■ **TASK DESCRIPTION**:
Each record should reappear exactly in your answer, minus any picture.

■ **RECORDS PROVIDED**:
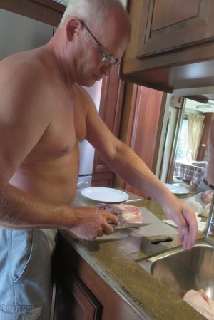 Here I am getting a large pork roast cut to feed both of us.
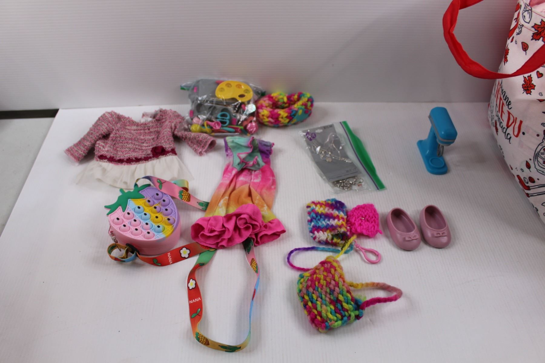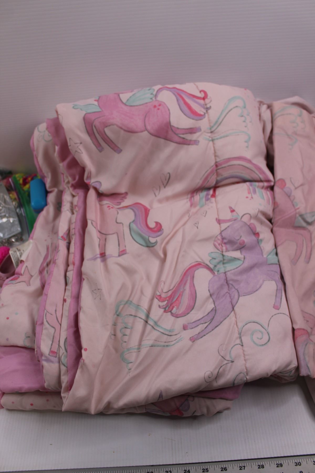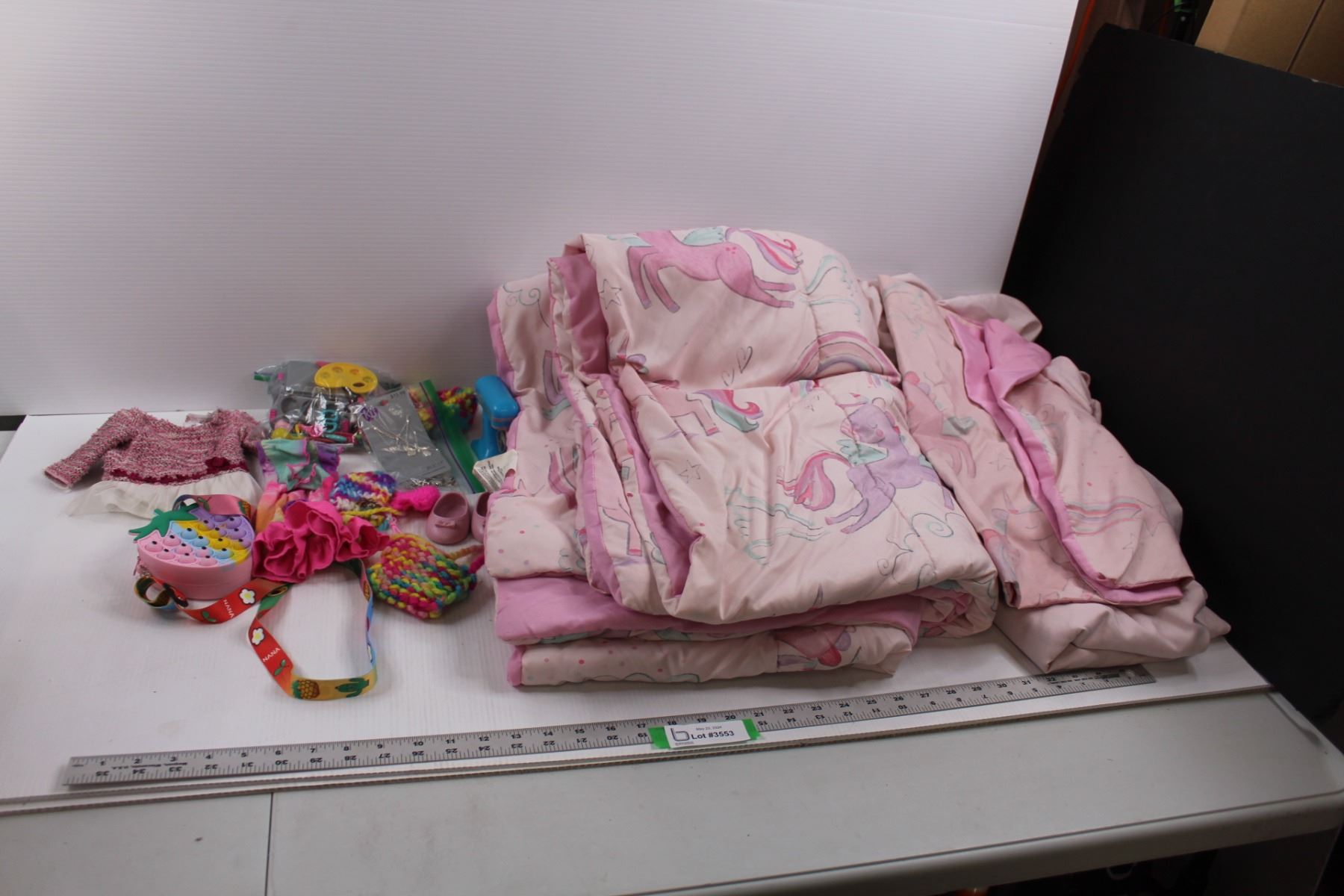 Mainstays Kids Pegasus Bedding Set (Comforter, (2) Sheets, (2) Pillow Shams)& Various Girls Doll Accessories, Cloths, Small Hand Bag & Jewelry
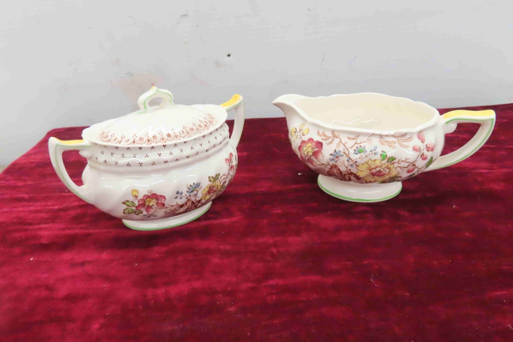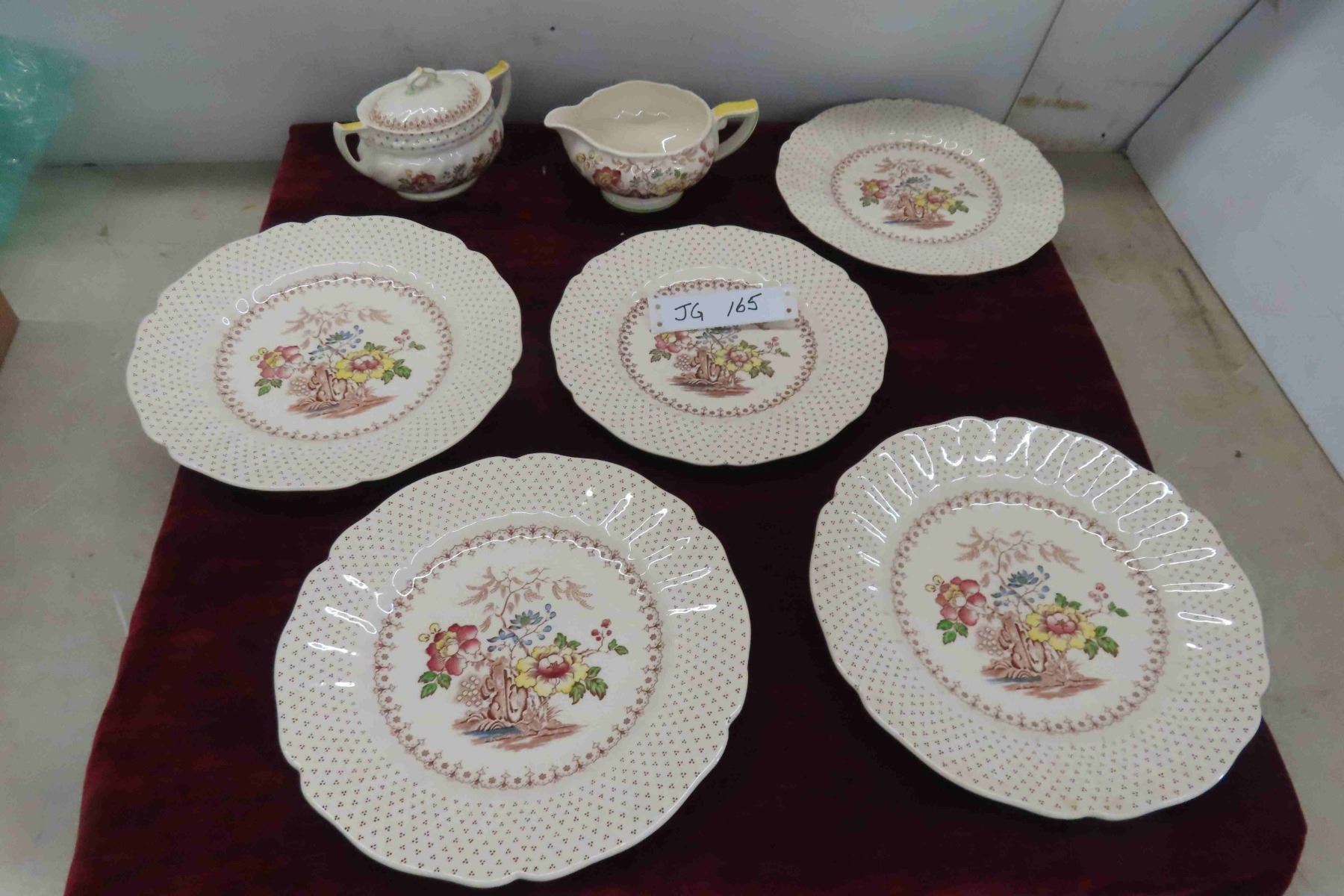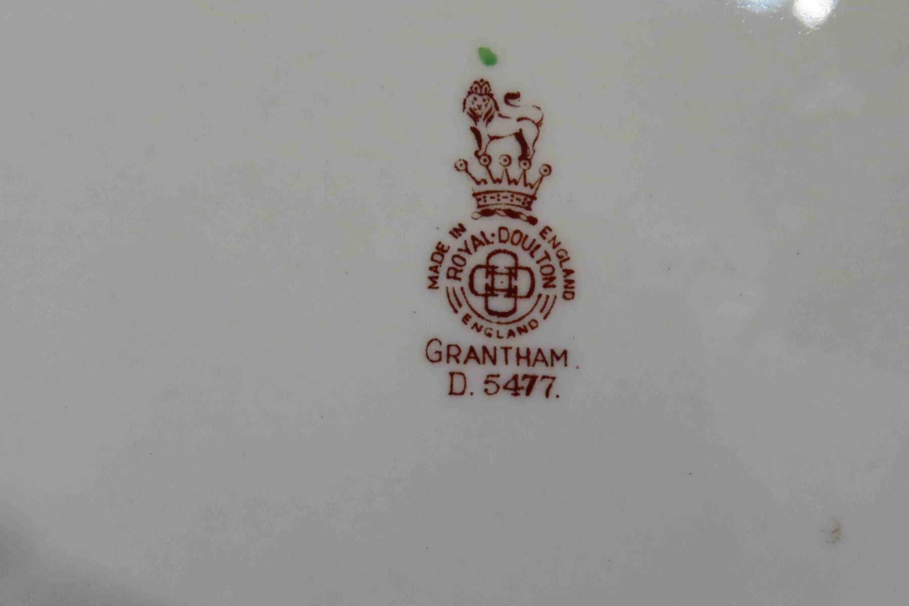 Royal DoultonGrantham D5477 Cream and Sugar, (3) Large Plates in Good Shape and (2) Smaller Plates with Chips on the Back
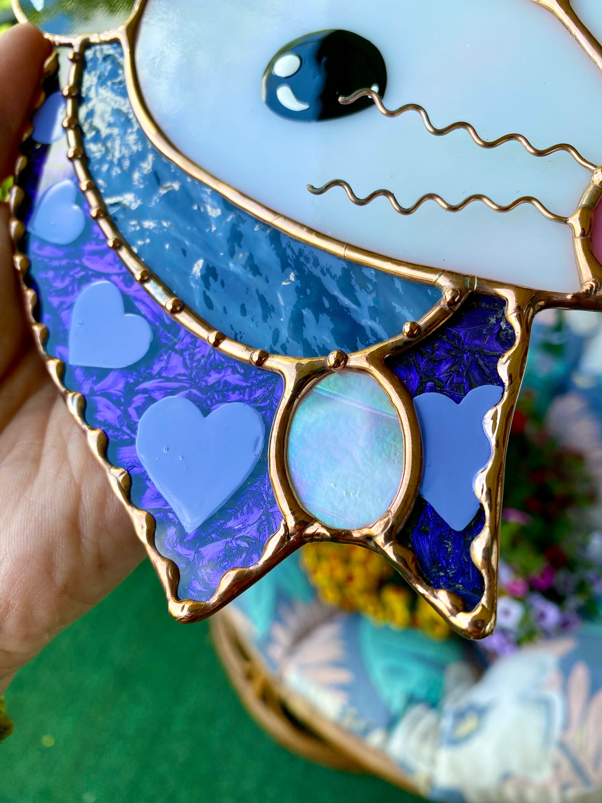 Measures 8.5” tall and 6” wide. Made with purple Van Gogh glass and irridescent mottled glass for the bolo tie. Has a gold chain and hang up kit to hang her up wherever you please!
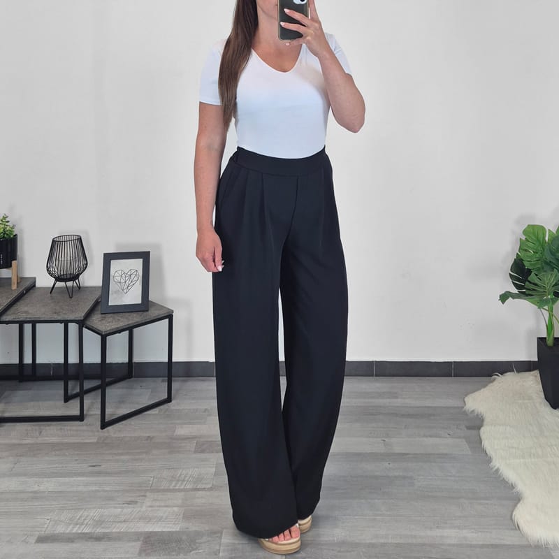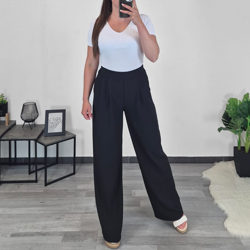 Ženske dolge poletne hlače v črni barvi. Hlače imajo visok elastičen pas. Hlače so mehke na otip, lepo padejo in so prijetne za nošenje. Hlačnice so dolge in široke. Na voljo v velikostih S,M, L.

■ **SOLUTION TO THIS PROBLEM**:
 Here I am getting a large pork roast cut to feed both of us.
 Mainstays Kids Pegasus Bedding Set (Comforter, (2) Sheets, (2) Pillow Shams)& Various Girls Doll Accessories, Cloths, Small Hand Bag & Jewelry
 Royal DoultonGrantham D5477 Cream and Sugar, (3) Large Plates in Good Shape and (2) Smaller Plates with Chips on the Back
 Measures 8.5” tall and 6” wide. Made with purple Van Gogh glass and irridescent mottled glass for the bolo tie. Has a gold chain and hang up kit to hang her up wherever you please!
 Ženske dolge poletne hlače v črni barvi. Hlače imajo visok elastičen pas. Hlače so mehke na otip, lepo padejo in so prijetne za nošenje. Hlačnice so dolge in široke. Na voljo v velikostih S,M, L.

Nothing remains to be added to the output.